Some important points to keep in mind in a security deposit dispute:
Cases to recuperate Back Rent Actions to recuperate overdue rent following a end of a lease are normal in small claims court. These cases arise at either the finish of the word of a lease, or when the tenant abandons the house prior to the end of the lease. Cases brought at the natural end of a lease are simpler. A plaintiff landlord ought to be ready to introduce the lease into evidence, also to provide some kind of statement showing what rent was paid, and what rent had not been paid. If any security deposit was withheld, the landlord ought to be ready to offer substantial and meaningful proof that the withholding of the deposit was warranted. Defendants may use a withheld security deposit to counterclaim against a landlord.

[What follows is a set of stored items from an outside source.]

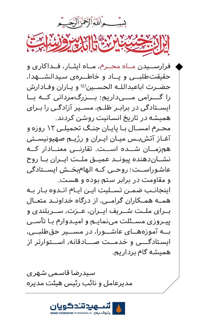 » سیدرضا قاسمی شهری در پیامی فرارسیدن ماه محرم و شهادت سید و سالار شهیدان را تسلیت گفت
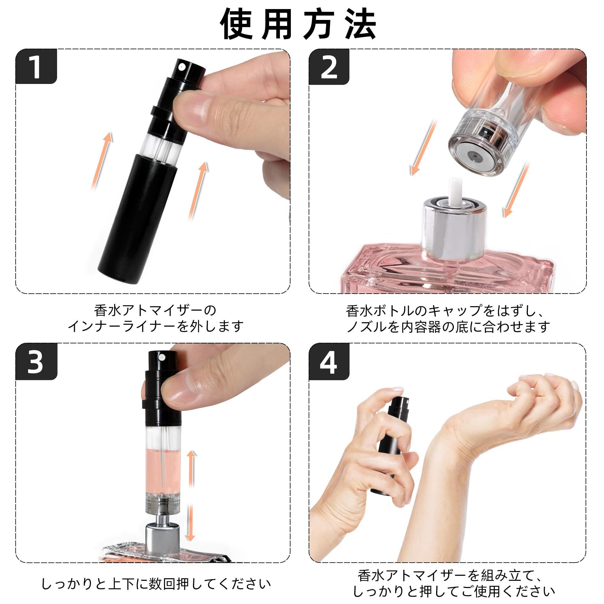 【超簡単・詰め替え方法】まず、香水アトマイザーのインナーライナーを外します。 次に、元の香水瓶のキャップを外し、ノズルをライナーの底に合わせ、上下に数回しっかりと押します。 最後に、香水噴霧器を組み立て、しっかりと押して使用します。
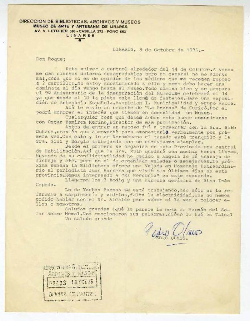 Linares, Chile [a] Roque Esteban Scarpa Carta, 1975 octubre 8, [manuscrito] Pedro Olmos.
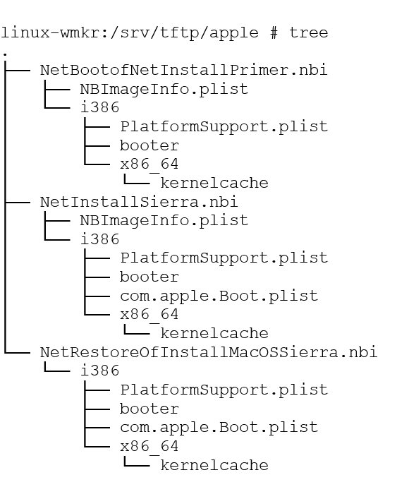 • Linux: /srv/tftp/apple
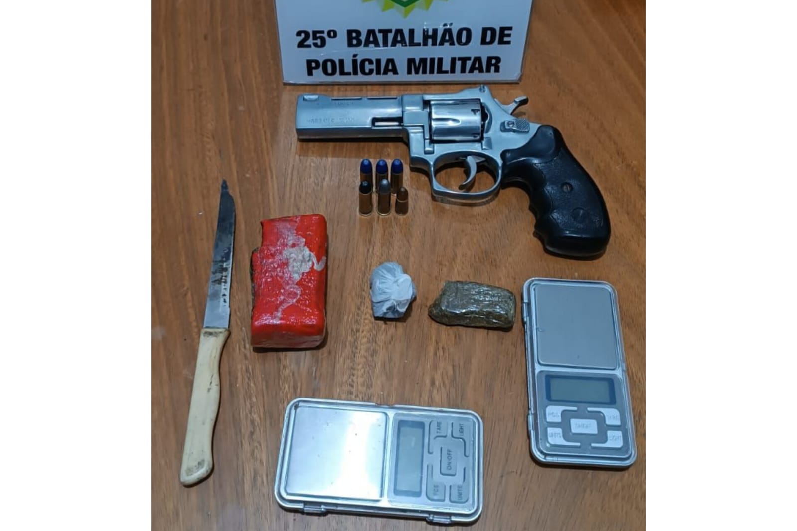 Durante a checagem os militares não encontraram nenhum ilícito com o condutor ou dentro do veículo, porém na sequência foi iniciado uma busca na casa do morador, onde foi encontrado um revólver .38, quatro munições intactas e uma deflagrada do mesmo calibre. No local havia também 125 gramas de substância com característica de maconha.
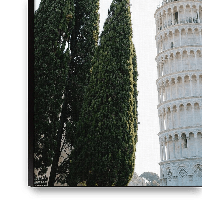 Durch das gerade Dach kann man gut erkennen, wie schräg der Turm ist. Die Bäume geben einen Eindruck von der Größe des Turms. Die Farben sind sanft und sommerlich.
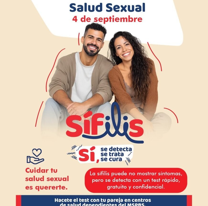 Como parte de una política pública de salud sexual integral, el Ministerio de Salud Pública, a través del Pronasida, pone a disposición de la población pruebas de sífilis gratuitas disponibles en todos los servicios de salud pública del país; así como el diagnóstico y tratamiento precoces que salvan vidas, protegen familias y contribuyen al bienestar comunitario.
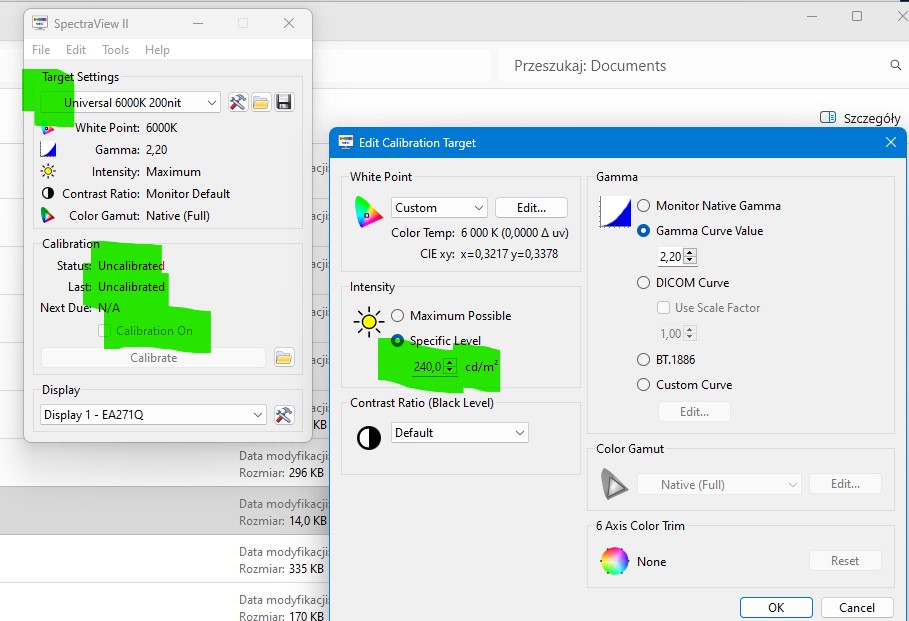 Wygląda to tak: można wejść w ustawienia jakiegoś profilu z kalibracji, zmienić ustawienia (np wartość nitów) i go zapisać; problem w tym że soft nie chce go wczytać/aktywować (screen drugi poniżej - uncalibrate i brak ptaszka przy liście profili).
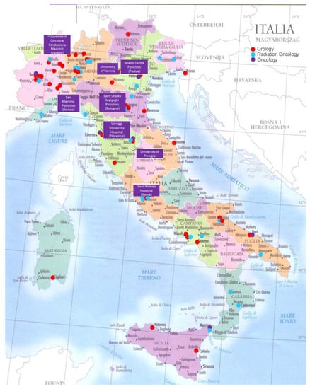 - Noale, M.; Maggi, S.; Artibani, W.; Bassi, P.F.; Bertoni, F.; Bracarda, S.; Conti, G.N.; Corvò, R.; Gacci, M.; Graziotti, P.; et al. Pros-IT CNR: An Italian prostate cancer monitoring project. Aging Clin. Exp. Res. 2017, 29, 165–172. [Google Scholar] [CrossRef] [PubMed]
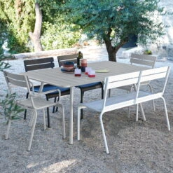 Made of extruded aluminium slats or tubes, the table is perfectly Luxembourg table is ideally suited for outdoor use.
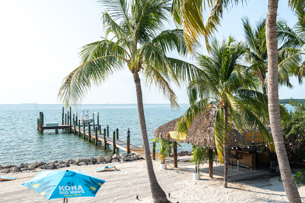 The band is playing reggae music in front of the pool. Under the thatched-roof cabana, people are cheers-ing and laughing at the bar. At the dock, a boat of more guests is arriving. And then there’s you, saying yes to another passed appetizer on the beach as the sun sets on the aqua-blue horizon. This scene sounds like it’s set at a big, public waterfront restaurant, but it’s actually a private backyard… and it belongs to the Florida Keys’ most decked-out vacation house of the summer.
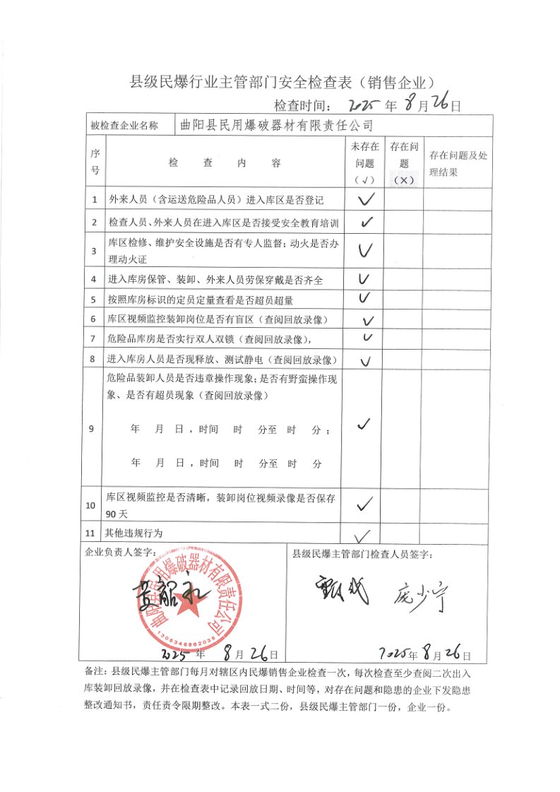 县发改局民爆行业安全检查表
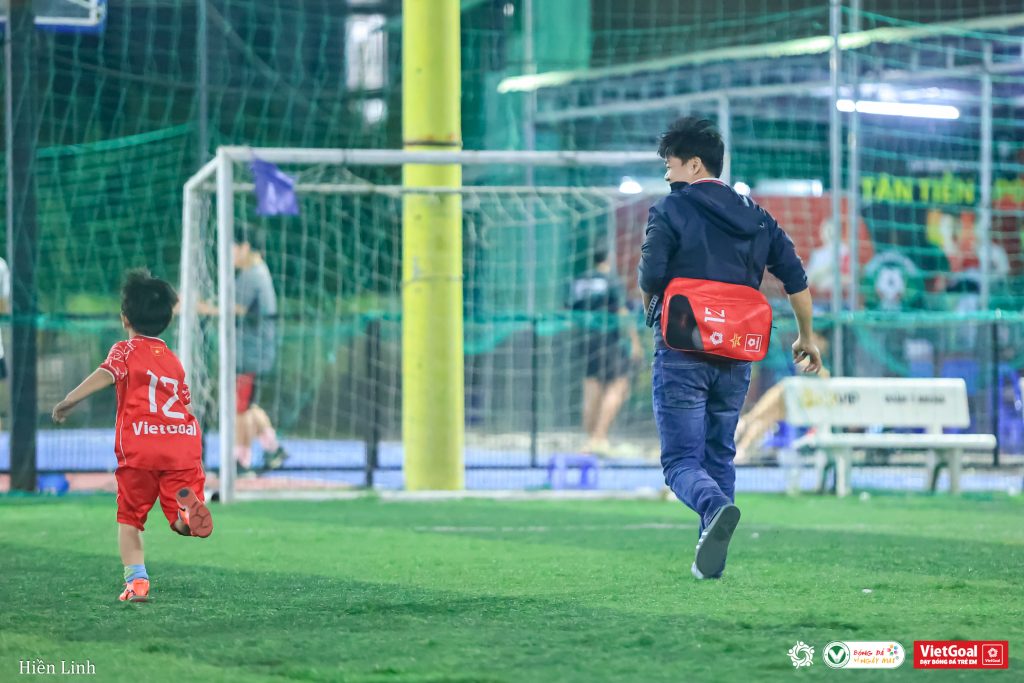 Khôi được bố đưa đến sân từ rất sớm. Em lặng lẽ ngồi nghe HLV hướng dẫn, ánh mắt dõi theo từng động tác. Dù còn nhỏ, Khôi không sợ bóng, không khóc trên sân. Em tập trung, làm từng bài tập chậm rãi nhưng nghiêm túc, như thể đã quen với nhịp sân cỏ từ lâu.
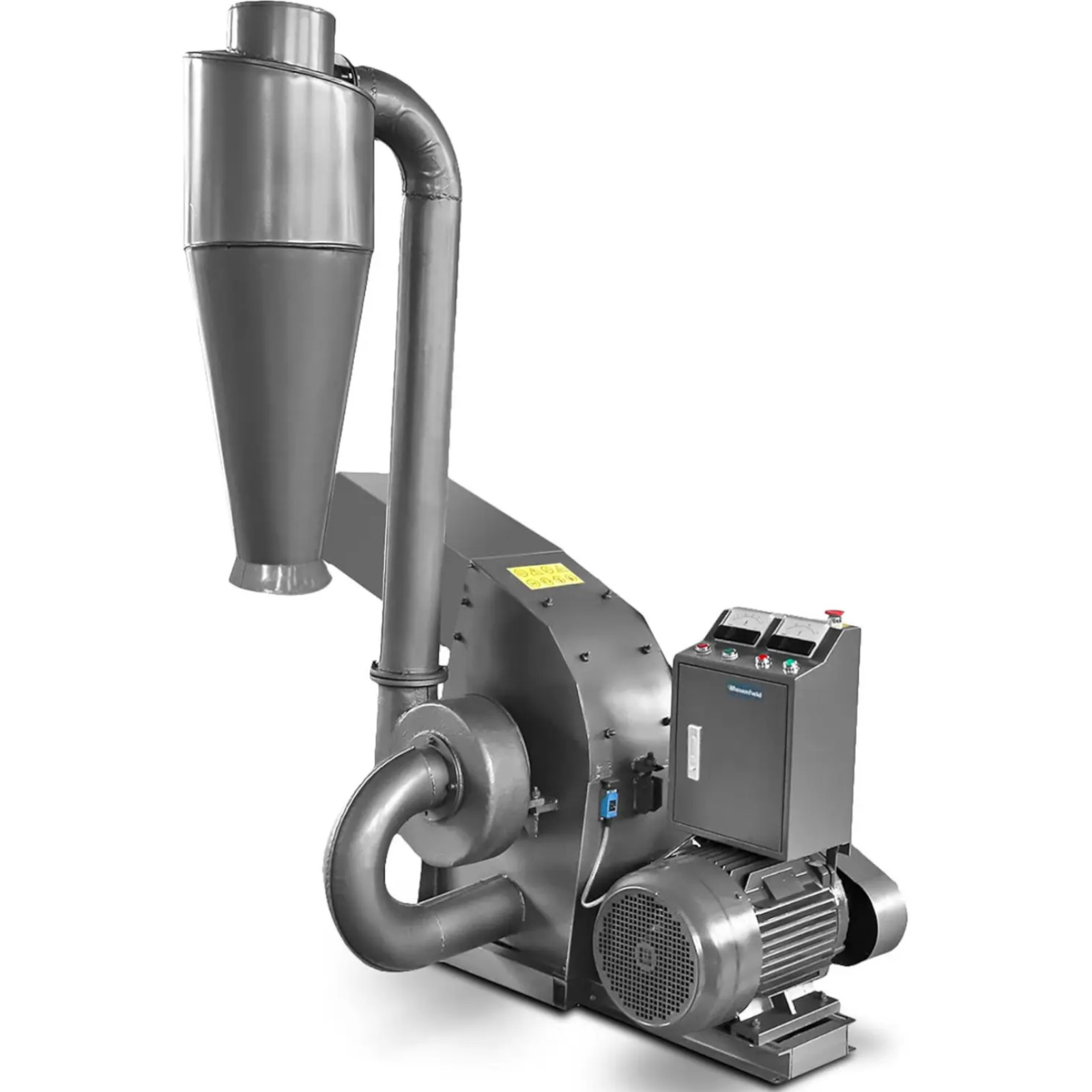 Młyn bijakowy marki Wiesenfield to wydajna maszyna rozdrabniająca szeroką gamę materiałów do rozmiarów ziarna, które można łatwo dalej przetwarzać. Sprawdzi się do zboża, słomy, lucreny czy wiórów drzewnych. Otrzymana śruta nadaje się do produkcji pasz dla zwierząt lub do produkcji pelletu drzewnego. Przy mocy wyjściowej 11 kW silnik o prędkości obrotowej 2982 obr./min napędza 16 młotów w młynie. Wydajność sprzętu wynosi 300 – 700 kg/h i zależy od rodzaju ziarna lub surowca i zawartości wilgoci w materiale. Aby uzyskać najlepsze wyniki, wilgotność nie powinna przekraczać 15%. Ziarna są dobijane do sita zewnętrznego przez siły odśrodkowe działające na śrutę podczas rozdrabniania. Rozmiar otworu sita określa, jak grubo będzie mielił młynek. Dla młyna bijakowego dostępne są otwory o rozmiarach 4 i 6 mm. Gotowy przemiał jest celowo napełniany przez cyklon. Rozdrabniacz bijakowy do zboża imponuje łatwością obsługi, dużym zbiornikiem i solidną konstrukcją. Pozwala to produkować i przetwarzać duże ilości mielonego materiału. Stabilna podstawa gwarantuje bezpieczną pracę.

Cases regarding the abandonment of accommodations property are more technical. Whenever a tenant abandons accommodations property, the tenant may leave half a year or even more on a lease term. As a landlord, you can be tempted to sue for the whole remaining term of the lease. However, regulations might not afford a landlord such a generous remedy. Landlord-tenant law generally requires landlords to actively and meaningfully "mitigate their damages" by searching for a new tenant. In order a landlord, you have to show that you actively advertised the house, and showed it to potential renters. If the landlord will not demonstrate an active try to mitigate his / her damages, the defendant will keep his / her damages very low, regardless of the defendant’s breach of the rental agreement.
Want more help winning in small claims court? Get the info you will need to execute an effective case in Small Claims Court Guidebook (Entrepreneur Press).